Voting in Countries Outside the United States (Non-U.S. Countries) Voting proxies for companies
not domiciled in the United States may involve greater effort and cost due to the variety of
regulatory schemes and corporate practices. For example, certain non-U.S. countries require
securities to be blocked prior to a vote, which means that the securities to be voted may not be
traded within a specified number of days before the shareholder meeting. The Board typically will
not vote securities in non-U.S. countries that require securities to be blocked as the need for
liquidity of the securities in the funds will typically outweigh the benefit of voting. There may
be additional costs associated with voting in non-U.S. countries such that the Board may determine
that the cost of voting outweighs the potential benefit.

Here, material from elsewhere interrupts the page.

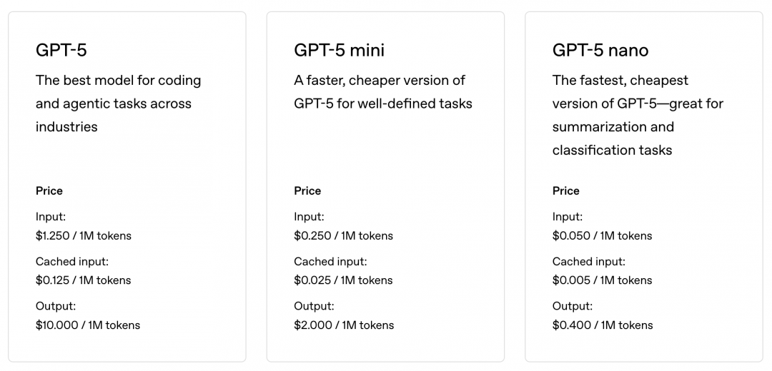 GPT-5:输入1.25美元/百万token,输出10美元/百万tokenGPT-5 mini:输入0.25美元/百万token,输出2美元/百万tokenGPT-5 nano:输入0.05美元/百万token,输出0.4美元/百万token。

Securities on Loan The Board will generally refrain from recalling securities on loan based upon
its determination that the costs and lost revenue to the funds, combined with the administrative
effects of recalling the securities, generally outweigh the benefit of voting the proxy. While
neither the Board nor the funds administrator assesses the economic impact and benefits of voting
loaned securities on a case-by-case basis, situations may arise where the Board requests that
loaned securities be recalled in order to vote a proxy. In this regard, if a proxy relates to
matters that may impact the nature of a company, such as a proposed merger or acquisition, and the
funds ownership position is more significant, the Board has established a guideline to direct the
funds administrator to use its best efforts to recall such securities based upon its determination
that, in these situations, the benefits of voting such proxies generally outweigh the costs or lost
revenue to the funds, or any potential adverse administrative effects to the funds, of not
recalling such securities.
Investment in Affiliated Funds Certain RiverSource funds may invest in shares of other
RiverSource funds (referred to in this context as underlying funds) and may own substantial
portions of these underlying funds. The proxy policy of the funds is to ensure that direct public
shareholders of underlying funds control the outcome of any shareholder vote. To help manage this
potential conflict of interest, recognizing that the direct public
32
shareholders of these underlying
funds may represent only a minority interest, the policy of the funds is to vote proxies of the
underlying funds in the same proportion as the vote of the direct public shareholders. If there are
no direct public shareholders of an underlying fund, the policy is to cast votes in accordance with
instructions from the independent members of the Board.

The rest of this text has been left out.